Denpasar, Porosinformatif| Lebih dari sepekan hari raya keagamaan Nyepi dan Idul Fitri tahun 2025, berlalu. Akan tetapi persoalan Tunjangan Hari Raya (THR) masih menjadi perhatian utama di tengah kondisi pekerja di Bali, yang masih jauh dari kata sejahtera.
Banyak pekerja, terutama di sektor pariwisata, jasa, dan sektor informal, masih menghadapi ketidakpastian terkait pemenuhan hak-hak normatif mereka.
Ketimpangan relasi kerja, kontrak tidak jelas, hingga rendahnya perlindungan hukum membuat hak atas THR kerap diabaikan oleh perusahaan.
Oleh karena itu, komunitas peduli pekerja yang menamakan dirinya Aliansi Hak Pekerja Sejahtera (Hapera) Bali berkumpul dan mengambil sikap, Rabu (16/4).

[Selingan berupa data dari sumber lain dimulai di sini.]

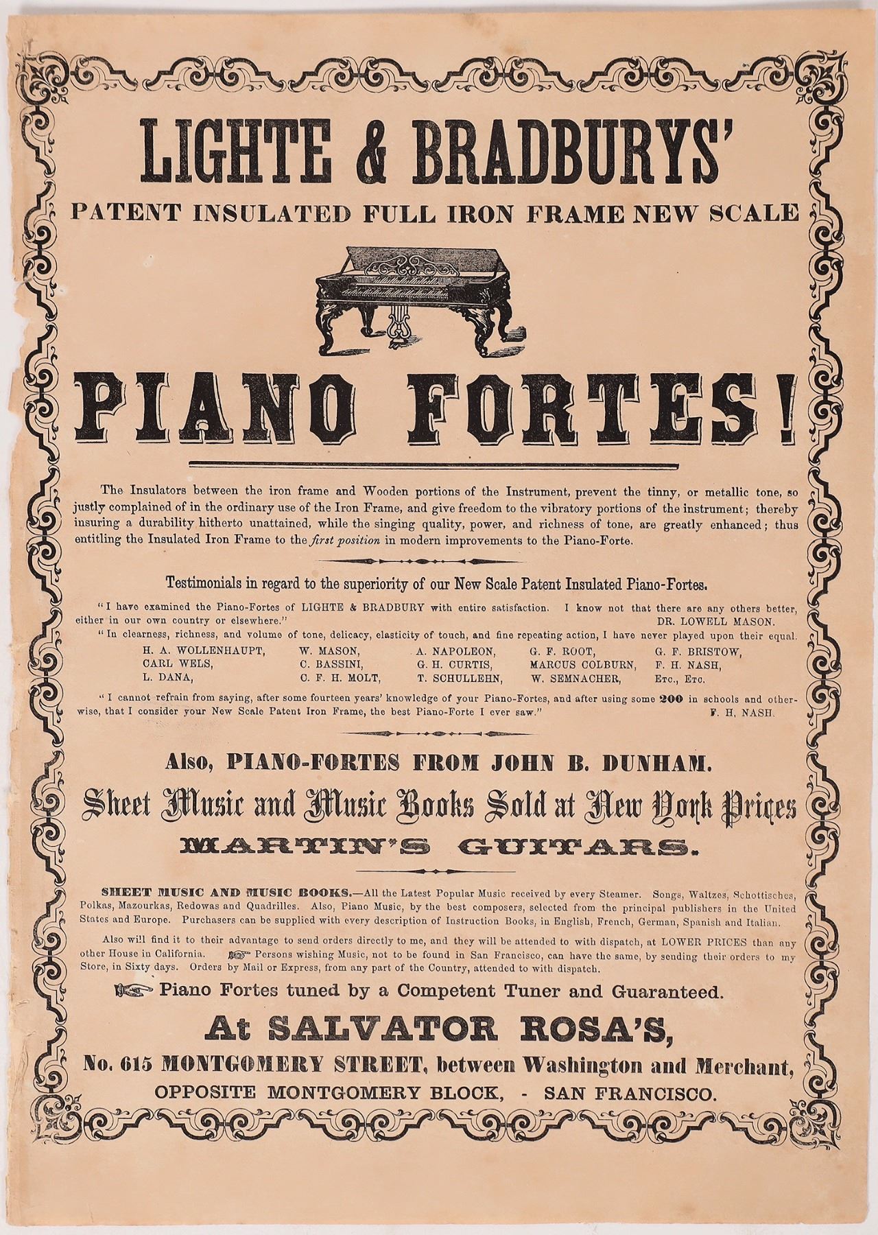 c. 1850's broadside from Lighte & Bradbury's, 615 Montgomery Street, for Martin Guitars and piano fortes. 12x8.5", no creases. San Francisco California

Tampak hadir dari LBH Bali, Andi Winaba dan Felix Juanardo Winata; FSPM Regional Bali, Agung Rai; DFW Bali, serta Aji Denpasar, Ayu Sulistyowati.
Melalui siaran pers resminya, Hapera Bali menyatakan, meminta Pengawas Ketenagakerjaan Provinsi Bali untuk memberikan sanksi tegas kepada seluruh perusahaan yang terbukti melakukan pelanggaran ketenagakerjaan.

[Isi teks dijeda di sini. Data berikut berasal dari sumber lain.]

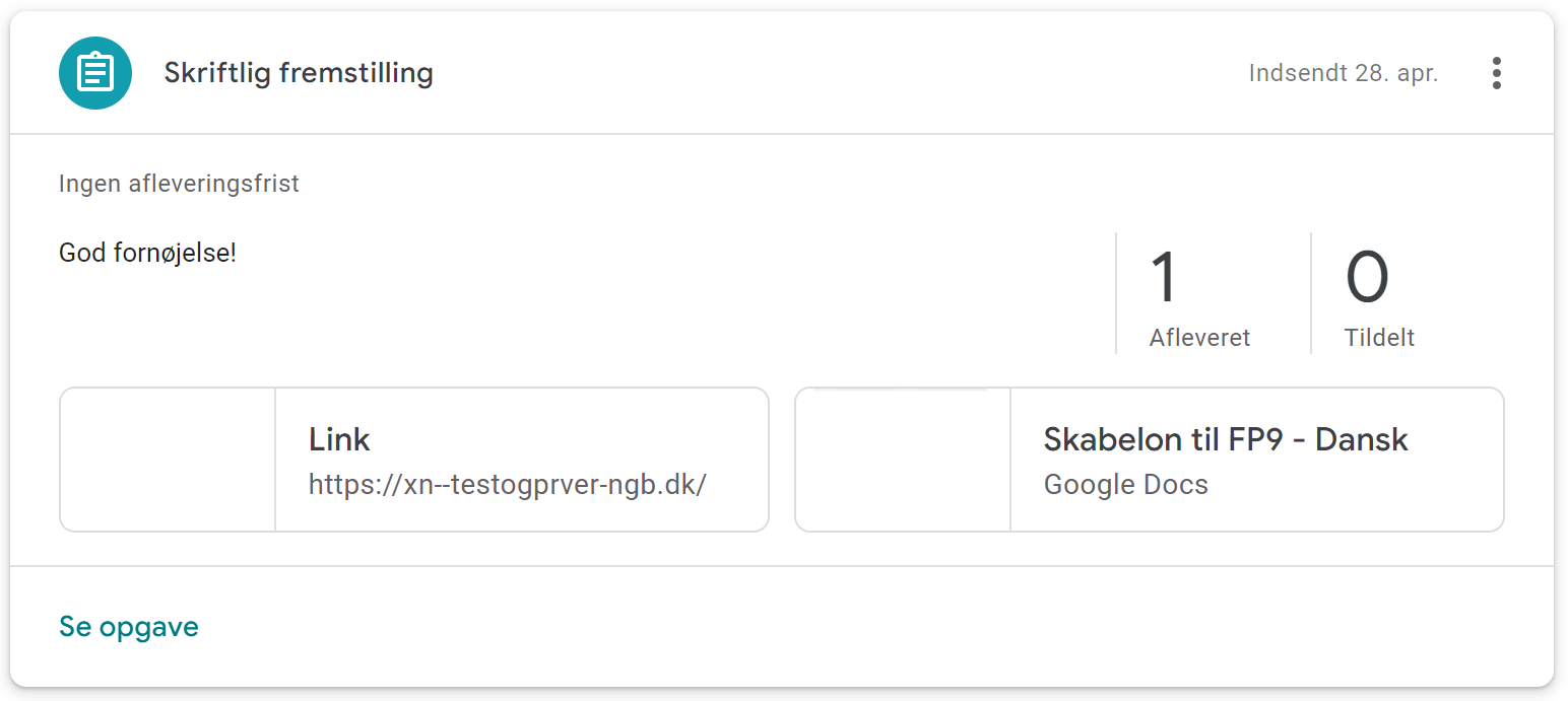 Vælg den opgave, du vil rette, og tryk på Se opgave

Termasuk pelanggaran berupa tidak membayarkan hak Tunjangan Hari Raya (THR) Keagamaan kepada pekerja, serta memastikan perusahaan tersebut membayar ganti rugi atas keterlambatan atau tidak dibayarkannya THR.
“Bersama ini, kami juga menuntut Gubernur Provinsi Bali untuk memperkuat posisi Pengawas Ketenagakerjaan Provinsi Bali baik secara kuantitas maupun kualitas agar dapat memastikan terpenuhinya seluruh hak pekerja di perusahaan, termasuk hak THR Keagamaan,” kata mereka.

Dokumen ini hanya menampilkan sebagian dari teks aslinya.